Modeling of magnesium-decorated graphene quantum dot nanostructure for trapping AsH(3), PH(3) and NH(3) gases

A magnesium-decorated graphene quantum dot (C(24)H(12)-Mg) surface has been examined theoretically using density functional theory (DFT) computations at the ωB97XD/6-311++G(2p,2d) level of theory to determine its sensing capability toward XH(3) gases, where X = As, N and P, in four different phases: gas, benzene solvent, ethanol solvent and water. This research was carried out in different phases in order to predict the best possible phase for the adsorption of the toxic gases. Analysis of the electronic properties shows that in the different phases the energy gap follows the order NH(3)@C(24)H(12)-Mg < PH(3)@C(24)H(12)-Mg < AsH(3)@C(24)H(12)-Mg.

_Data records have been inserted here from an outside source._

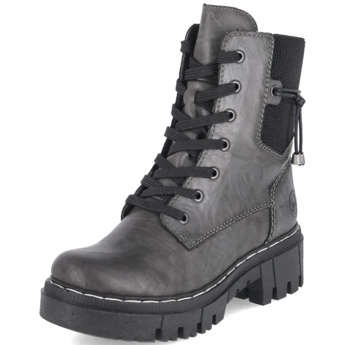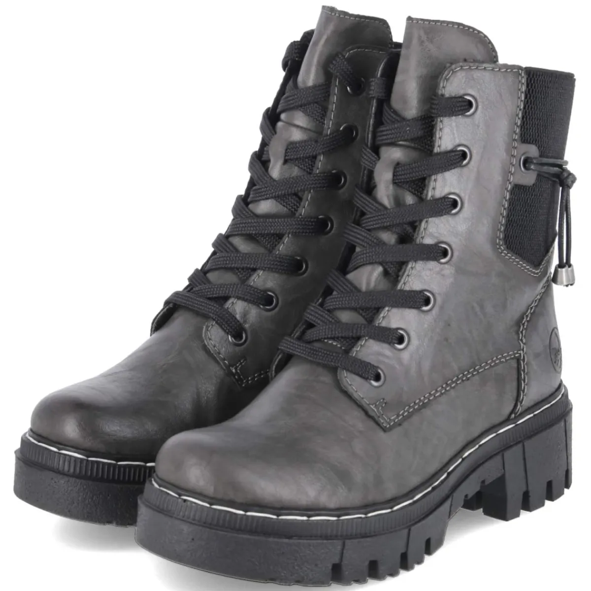 Diese grauen Schnürboots von Rieker setzen auf einen gelungenen Mix aus Komfort und urbanem Stil. Das pflegeleichte Synthetik-Obermaterial zeigt eine leichte Knautschoptik, während der 5 cm hohe Blockabsatz mit kleinem Plateau dezent streckt und sicheren Stand vermittelt. Dank rutschfester Profilsohle, verstärktem Fersenbereich und rund gearbeiteter Spitze entsteht ein stabiles, entspanntes Laufgefühl. Das relaxtes Leichtgewicht punktet mit weichem Fußbett und Textil-Decksohle, das leichte Futter wärmt an kühlen Tagen. Schnürsenkel in Kombination mit Reißverschluss erleichtern den Einstieg und erlauben eine passgenaue Regulierung; ein seitlicher Stretcheinsatz sowie ein zierendes Band ergänzen das Design. Die Passform fällt normal aus und bietet verlässliche Größe. Modetipp: Zu grauen Wide-Leg-Jeans, meliertem Strickpullover und langem Wollmantel in Creme entsteht ein harmonischer Ton-in-Ton-Look mit modernem Finish.
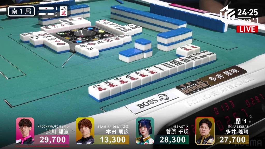 With an uradora hit, Shibukawa wins the hand with Riichi/Pinfu/Tanyao/Sanshoku/Ura 1 for 12,000 plus Matsumoto’s riichi stick. The win pushes Shibukawa into 1st place and Matsumoto into the negatives.
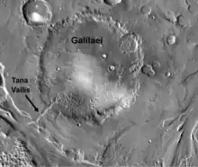 Tana Vallis is 60 km (37 miles) long and begins at the southwest rim of Galilaei Crater. Tana was eroded by the catastrophic drainage of a lake that formerly filled the crater, overtopped its rim, and rapidly eroded a breach channel through which the lake in Galilaei Crater drained. Terrestrial dam breach methods were used to estimate paleo-discharges in Tana Vallis.[8][7] Peak discharge rates in Tana Vallis would have depended on how quickly the breach channel formed. If it fully formed in two to ten days, the discharge peak would have been in the range from 15 to 47 million cubic meters per second. A key erosion parameter, stream power, has also been evaluated for Tana Vallis. For a scenario where the breach formed in five days, the stream power per unit stream bed area at the time of peak discharge would have exceeded 350,000 watts per square meter.[7] Erosive power of this magnitude would have sufficed to erode basaltic bedrock. The impact-altered material in the rim of Galilaei Crater would have been more easily eroded than intact basalts, and therefore the breach channel would have formed relatively fast.

The results obtained from the adsorption studies show that all the calculated adsorption energies are negative, indicating that the nature of the adsorption is chemisorption. The adsorption energies can be arranged in an increasing trend of NH(3)@C(24)H(12)-Mg < PH(3)@C(24)H(12)-Mg < AsH(3)@C(24)H(12)-Mg. The best adsorption performance was noted in the gas phase compared to the other studied counterparts. The interaction between the adsorbed gases and the surfaces shows a non-covalent interaction nature, as confirmed by the quantum theory of atoms-in-molecules (QTAIM) and non-covalent interactions (NCI) analysis. The overall results suggest that we can infer that the surface of the magnesium-decorated graphene quantum dot C(24)H(12)-Mg is more efficient for sensing the gas AsH(3) than PH(3) and NH(3).